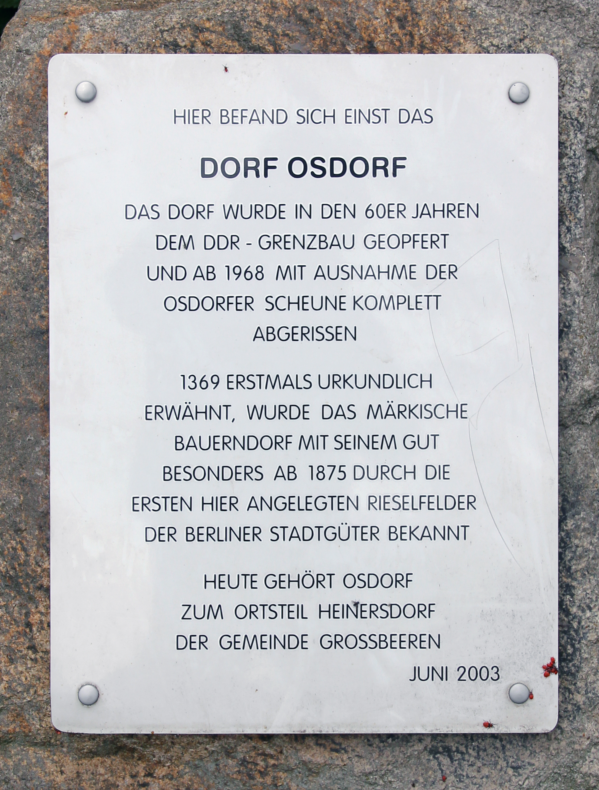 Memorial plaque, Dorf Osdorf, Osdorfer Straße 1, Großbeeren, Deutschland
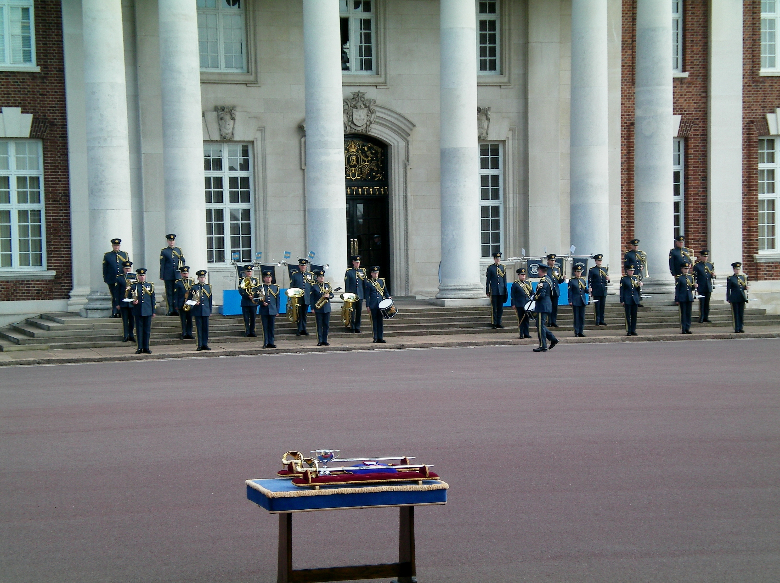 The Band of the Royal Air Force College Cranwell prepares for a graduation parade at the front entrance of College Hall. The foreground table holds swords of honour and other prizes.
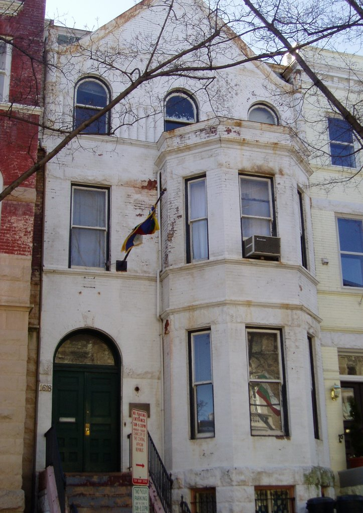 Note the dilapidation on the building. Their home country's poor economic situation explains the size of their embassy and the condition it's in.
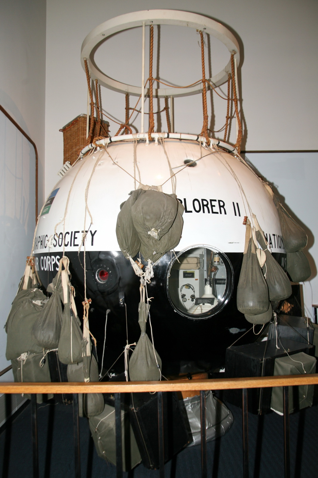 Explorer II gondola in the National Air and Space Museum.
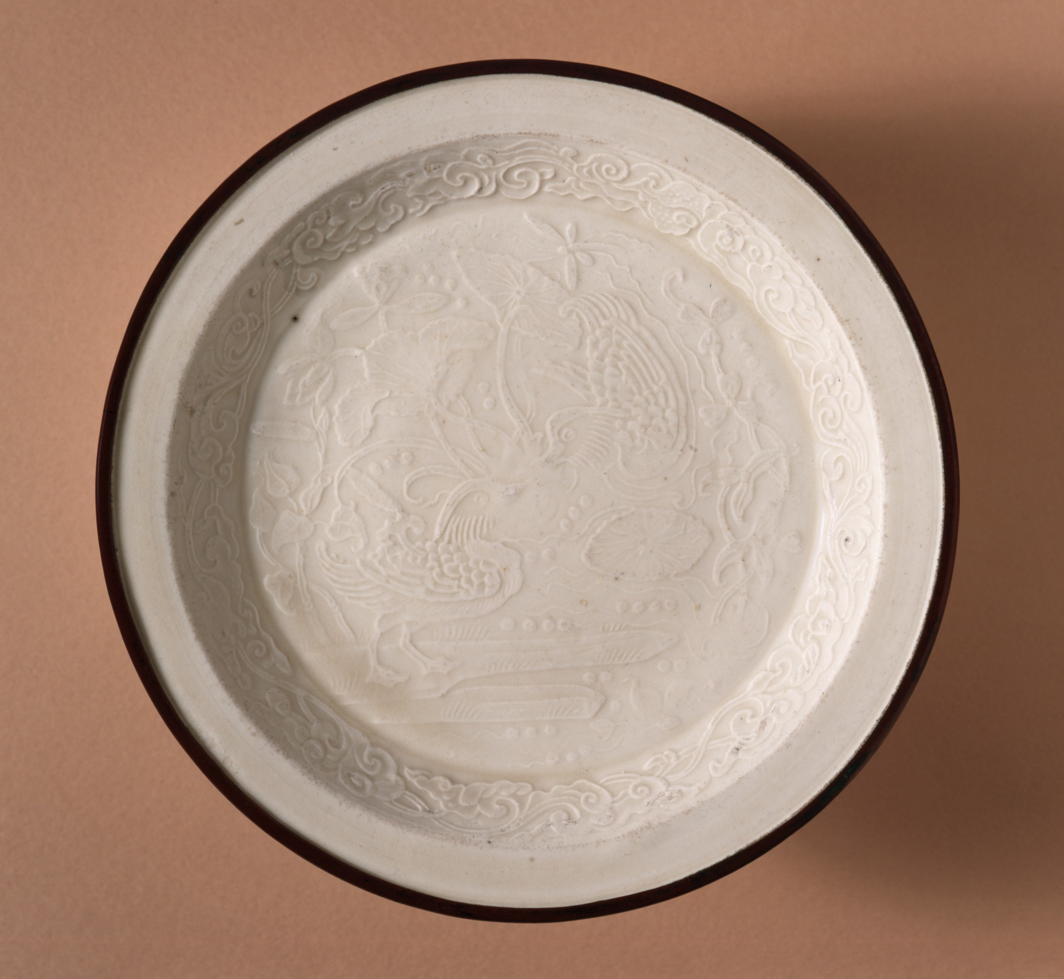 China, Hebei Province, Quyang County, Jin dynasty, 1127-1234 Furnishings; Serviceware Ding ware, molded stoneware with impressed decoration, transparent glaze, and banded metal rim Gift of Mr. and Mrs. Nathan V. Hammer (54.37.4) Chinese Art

###

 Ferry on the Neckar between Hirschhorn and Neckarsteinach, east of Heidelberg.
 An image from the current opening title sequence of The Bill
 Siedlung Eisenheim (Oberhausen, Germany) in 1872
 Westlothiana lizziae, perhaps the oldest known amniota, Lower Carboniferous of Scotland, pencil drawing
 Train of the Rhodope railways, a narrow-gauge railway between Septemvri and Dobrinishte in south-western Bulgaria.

###

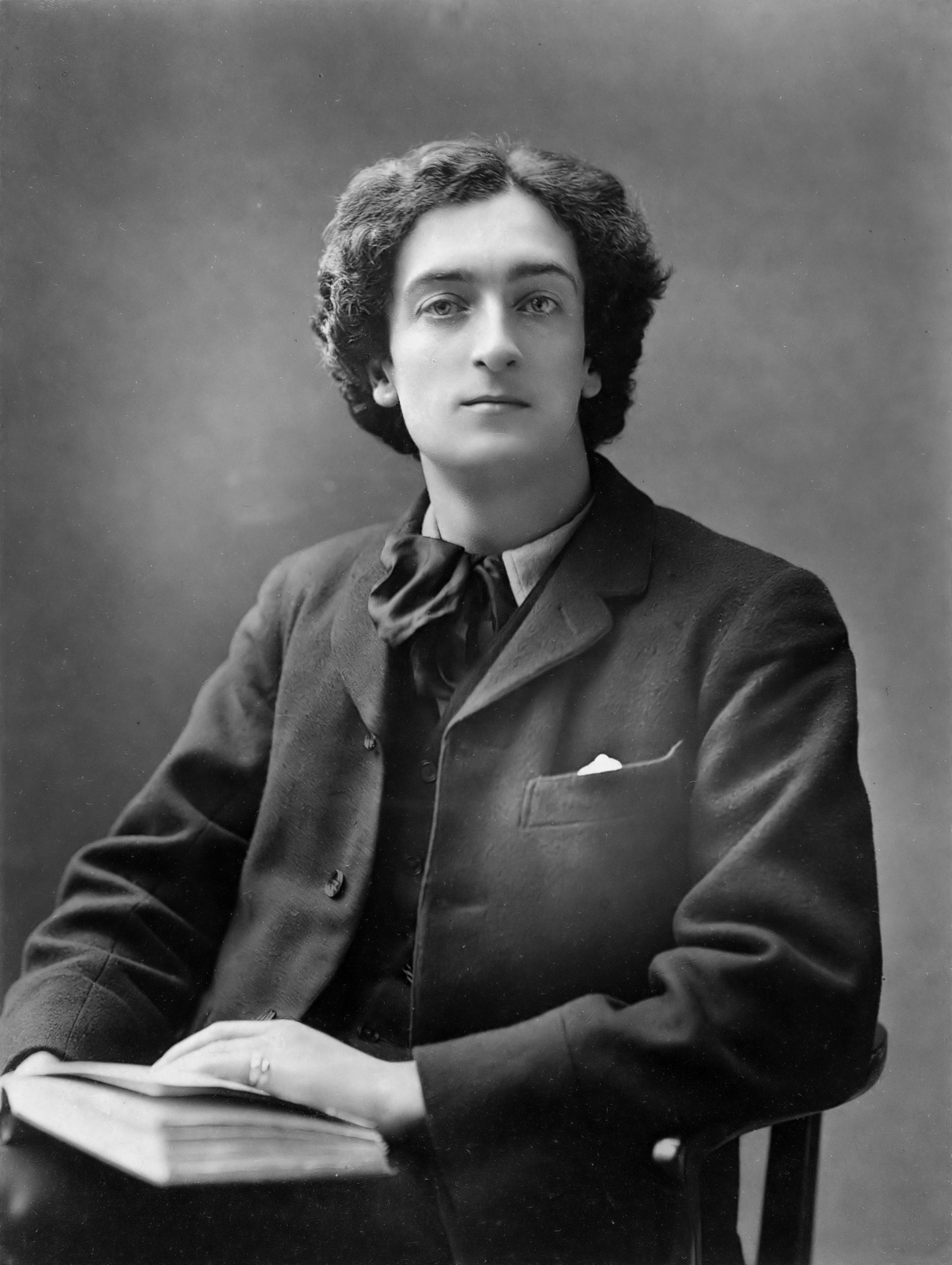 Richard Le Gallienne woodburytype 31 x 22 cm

###

▶ _Aim of the task_:
Wherever a line in the records contains the word "between", copy that line.

▶ _Answer for the task_:
 Ferry on the Neckar between Hirschhorn and Neckarsteinach, east of Heidelberg.
 Train of the Rhodope railways, a narrow-gauge railway between Septemvri and Dobrinishte in south-western Bulgaria.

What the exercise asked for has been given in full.